I'm imagining that you're trying to determine the thrust produced by a nozzle on a tank that has some pressure inside and you've put a control volume around the nozzle. If that's correct, then I think the pressure terms you show can be dropped, but not absolutely sure. Since the nozzle is connected physically to the tank, the axial force produced by the wall on the nozzle holding it to the tank would also have to be accounted for if you're trying to account for internal pressure. A static balance of the nozzle with a control volume around the nozzle that cuts through the tank wall has to include wall stress, but I don't think that's what you're after. It seems more like you're after thrust only, so put the control volume around the entire tank. If you do that, the thrust is just the momentum flux out of the nozzle which is mass flow times velocity. By putting the CV around the entire tank, you get rid of the pressure terms and don't have to worry about accounting for how that pressure is reacted by the shell of the tank and nozzle.

If I look at only the momentum flux out of the nozzle, that's just 4 mg/s * 4 m/s = 0.000016 N.

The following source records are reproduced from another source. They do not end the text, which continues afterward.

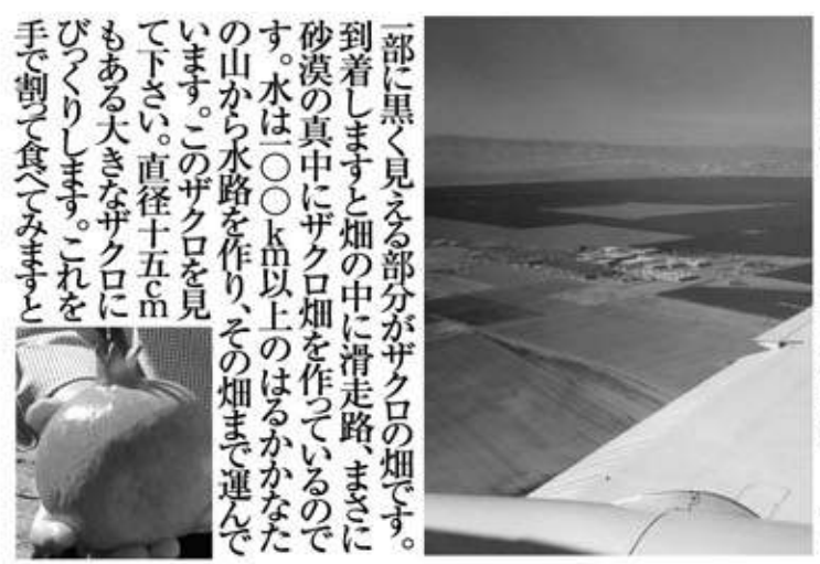
一部に黒く見える部分がザクロの畑です。到着しますと畑の中に滑走路、まさに砂漠の真中にザクロ畑を作っているのです。水は○○km以上のはるかかなたの山から水路を作り、その畑まで運んでいます。このザクロを見てください。直径十五cmもある大きなザクロにびくびくします。これを手で割って食べてみますと

【Aタイプ】リーデルヴィノムボルドーワイングラス 6,048円(税込) 【Bタイプ】リーデルヴィノムブルゴーニュワイングラス 6,048円(税込) 2倍位、美味しく感じられると思ひますよ。一度お試しあれ!
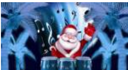
SPECTACLE de NOEL Musical Familial et Féérique : CIRCUS BONGO PARADE !
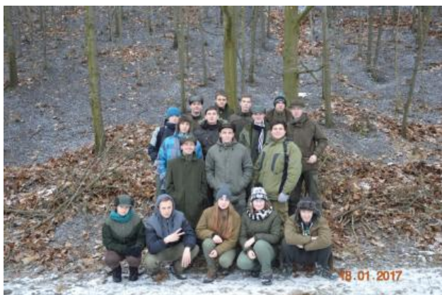
Žáci 3. C na haldě
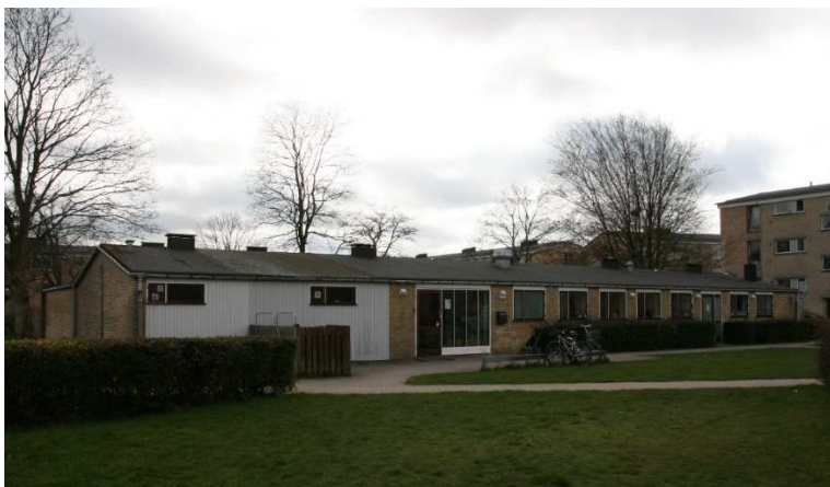
Den fritliggende fløj set fra nord
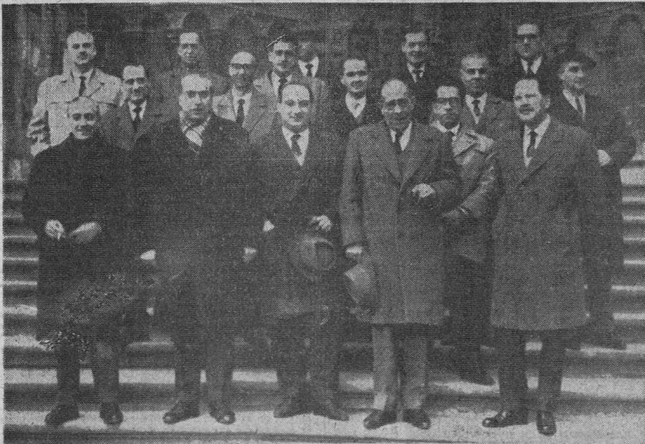
Como primer acto corporativo del nuevo Ayuntamiento, el alcalde y concejales asistieron ayer, en la Catedral, a una misa de Espíritu Santo, oficiada por el vicario general del Arzobispado y deán del Cabildo, Ilmo. Monsiñor D. Buenaventura Díez y Díez, que dirigió, además, elocuente plática. A la salida del piadoso acto, "Fede" captó la precedente placa de los concurrentes a la ceremonia
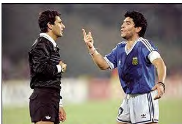
دیگو مارادونا در حال اعتراض به داور ، بعد از اخراج ۲ بازیکن آرژانتین

در پنج دقیقه آخر بازی دو بازیکن از آرژانتین از بازی اخراج شدند .
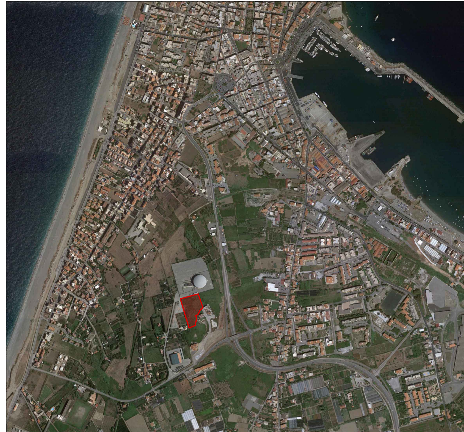
ORTOFOTO scala 1:10.000
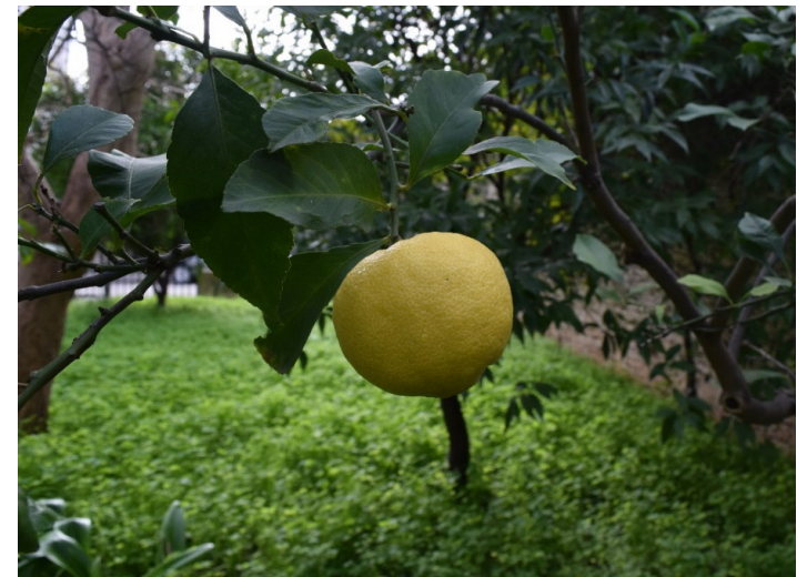
Limone Femminello comune (Bari)
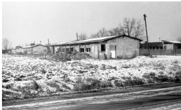
Pohled na bývalé zemědělské objekty ze Zahumenské ulice

Začátky kuželkářského spolku v naší obci můžeme datovat do roku 1984, kdy se sportovníji založení členové tehdejšího JZD „Svornost“ (později DUKLA) zúčastnili Zemědělské olympiády v Týništi n. Orlicí a Turnaje přátelství v Třeběchovicích. Zde asi dozrála myšlenka mít doma v Meziříčí vlastní kuželkářský klub a vlastní hernu. Vedení zemědělského družstva Svornost vyšlo těmto snahám vstříc a nabídlo objekt bývalé drůbežárny k přestavbě a adaptaci na hernu. 31. ledna 1985 dostal projekt vypracovaný Ing. J. Hajzerem „zele- nou“ s tím, že stavba kuželny proběhne svépomocí a brigádnicky členy nově založeného Klubu kuželkářů. 9. února 1985 se uskutečnilo slavnostní zahájení stavby, počet členů do konce roku 1985 dosáhl rovnou třicítku. Členové klubu i jejich přátelé a kamarádi odpracovali
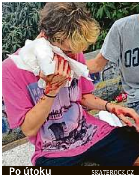
Po útoku SKATEROCK.CZ

Jaké konkrétní postupy policie zvolila, nechtěl s ohledem na probíhající vyšetřování přiblížit ani mluvčí české policie Jan Daněk. „Policisté se na tuto lokalitu více zaměří,“ sdělil krátce s tím, že naposledy tu policie byla před prázdninami v rámci celorepublikové akce HAD 2019 při které se zaměřila na opilé děti. „Pachatelům hrozí za výtržnictví dva roky, za ublížení na zdraví tři a například za loupež až deset let odnětí svobody. U mladistvých je pak sazba poloviční,“ uvedl k aktuálnímu problému na Stalini Daněk.
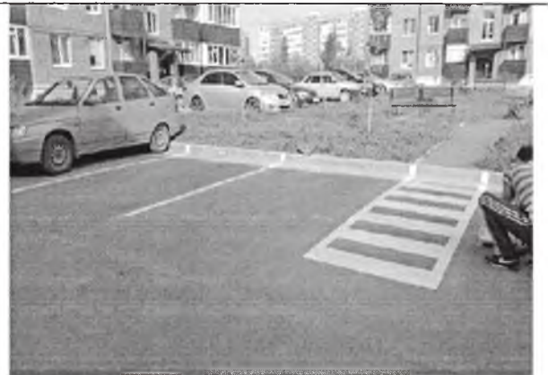
Устройство парковочных пространств
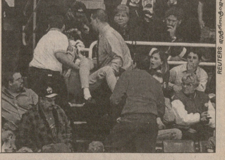
დეტროიტის ბორტსი იქით გადაფრენილმა შაბაში ისე სერიოზულად დაბამავა, რომ სამედიცინო დახმარება დასჭირდა

პარასკევს დეტროიტისა და ტორონტოს მატჩში მეტად კურიოზული ფაქტი მოხდა. ტრიბუნაზე მჯდომი ერთ-ერთი გულშემოტყვიარი ბორტს იქით გადაფრენილმა შაბაში ისე სერიოზულად დაბამავა, რომ სამედიცინო დახმარება დასჭირდა
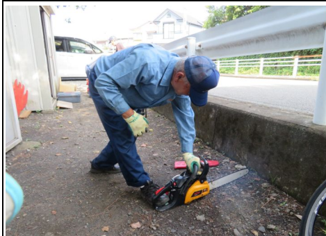
8月度チェンソー点検の様子

原則、毎月第1日曜日にD級消火ポンプ、チェンソーや発電機など緑2・防災隊が所有している防災機具の点検を実施しています。今月はチェンソーのエンジンが途中で停止する不具合があり、後日改めて機材管理班にて整備をする事にしました。

It's been a long time since I had to calculate something like this so I'll have to give it some more thought.

Last edited: Jun 21, 2005
5. Jun 21, 2005

### FredGarvin

That's true, but if one does not know what the mass flow rate is, it has to be calculated in order to get the momentum change.

6. Jun 22, 2005

### Q_Goest

Fred, I'd agree, the original question is missing some information. Either the "mass flow 4 mg" is actually 4 mg/s or we need to calculate mass flow and if that's the case, there's insufficient information. Pambient isn't given either.

SID, I think I know what your control volume looks like now, you put a control surface along the inside of the nozzle, which gives a force balance on that chunk of fluid. But that doesn't give you thrust, it's just the force balance on the fluid inside the nozzle. To determine thrust, draw the control surface around the entire thing, or just part of a control surface across the nozzle outlet which gives you Thrust = Mdot*V as I showed above.

7. Jun 22, 2005

### sid_galt

But wouldn't the ambient pressure reduce the thrust as the air coming out of the nozzle would actually have less static pressure than the static ambient pressure.

Static ambient pressure is 1E5 Pa
Static pressure of nozzle exit flow is (1E5 - 9.225) Pa

Then nozzle is in an airflow of 1 m/s

8. Jun 22, 2005

### Q_Goest

Hey Sid, I had to think about this and looked around the web a bit, but it seems there IS a small contribution due to pressure as you mention. There's a web site here that gives a similar equation to the one you show:
http://www.braeunig.us/space/propuls.htm
and an example here:
http://www.braeunig.us/space/problem.htm#2.1

Note this equation doesn't show the momentum of the fluid entering the nozzle, possibly because it's simply being neglected.